Why I’m Not Mourning John Updike
There’s no shortage of praise going around for Updike’s work in the wake of his death, and I’ve been hesitant to jump in because well, there’s that prohibition against speaking ill of the dead. For all I know, in his personal life he could have been an exemplar of many fine qualities — I wouldn’t know. He was certainly productive, writing three pages a day over a lifetime he produced more than 40 novels, collections of essays, and short stories.
However, I found his work repellent.
The pervasive and unrelenting misogyny is only a part of what I hated about the airless worlds John Updike created. David Foster Wallace names this quality “phallocentric narcissism” which seems a pretty apt description. The only characters with interiority in his books are the protagonists, and his protagonists are a series of men so stupendously narcissistic as to believe the entire universe exists only to fulfill or thwart their desires. There is no agency in any of the secondary characters, nor is there empathy for the lived experience of any characters except the protagonists.
If exegesis is your thing, go read this terrific entry over at TigerBeatDown, or Anna Shapiro’s piece in the Guardian. I can’t bear to go back into the books to pull quotes. It just depresses me. Just as the many comments justifying or denying that misogyny is a driving force in Updike’s work depress me. These are such old old arguments. Such old old denials. It makes me tired that we’re still, after all this time, having the discussion about whether or not Updike was a misogynist rather than discussing what effect his solipsism and misogynism will have on his legacy.

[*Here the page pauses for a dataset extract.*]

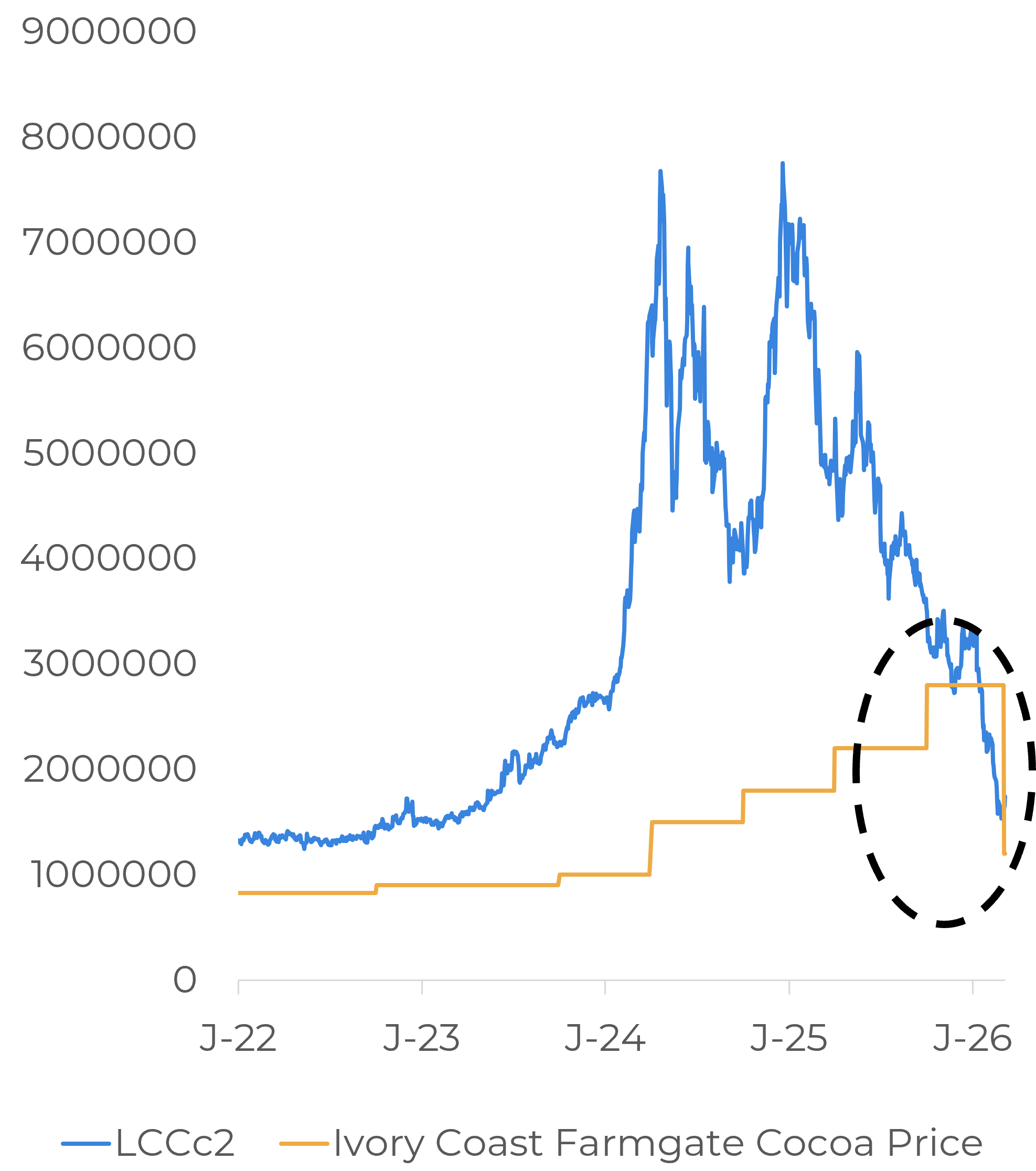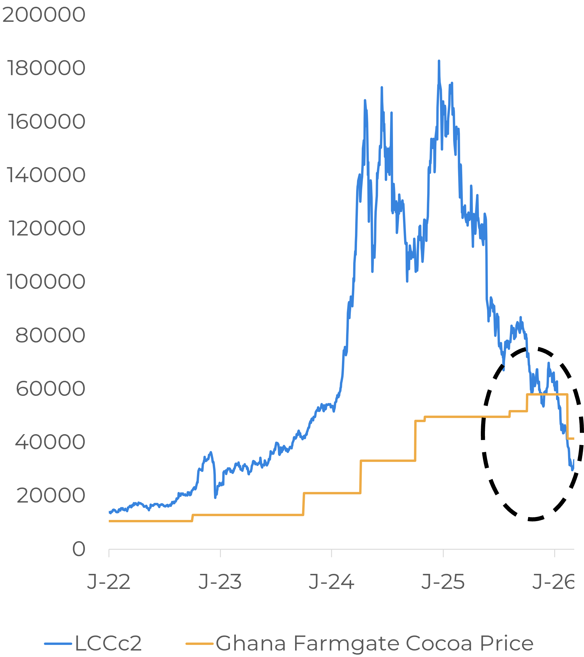 Farmgate prices has been an important factor in understanding the recent problems in trade flows from Ivory Coast and Ghana. With futures falling, domestic prices set by regulators in both countries rose above market levels, which created difficulties in sales and affected the pace of exports. During Hedgepoint Outlook 2026, we expected Ivory Coast to cut the price paid to producers, a move that was confirmed this week. On Wednesday, March 4, the country announced a reduction of about 57% to 1,200 CFA francs per kg. Ghana had already made a similar adjustment earlier.
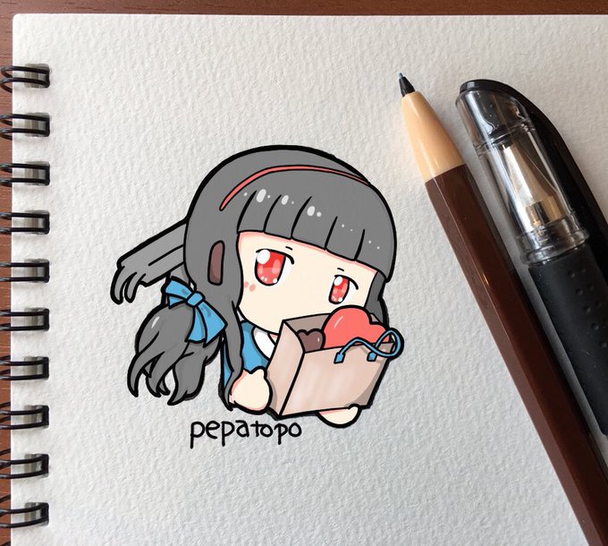 メロちゃんのバレンタインラッピングがないと聞いて大慌てで描きました(๑>ᴗ<๑)っ (早描きだけど、愛は込めました) #駅メモファンアート

There’s a whole generation of them — the Great American Novelists: Roth, Bellow, Updike, Mailer (and I’d throw Kundera in even though he’s not American). Triumphalist. Battling it out for their place at the top of the heap. Contemptuous of everyone who isn’t themselves. Dismissive of all artistic projects that they don’t share (which would be all artistic projects other than their own). The voice of my Phd advisor who said about the feminist critique of traditional plot that I wrote for my qualifying exam in literary theory that “just like your subject, the essay didn’t make any sense.” (Exams I passed unanimously, by the way.)
To those who will reply that Updike was of his generation and these things are to be expected and it’s all different now, I’d reply, go into a chain bookstore and give me a count of the serious novels being published by women, novels that don’t have a pink shoe on the cover. It’s enough to make a person want to revert to publishing under gender-neutral initials.
And so whatever John Updike’s qualities as a person, I will not be mourning the the death of his artistic project which was, as far as I could tell, to express a repellent world view in lapidary prose. I am also not mourning the passing of those lions, the ones who believed in singular world views, who believed it was all a contest, a contest that could only have a single champion.
And here’s to the thought that into the inevitable vacuum the passing of the lions will create, that there will be room for more voices, expressing the lived interiority of all those whose existence was denied in those Great American Novels.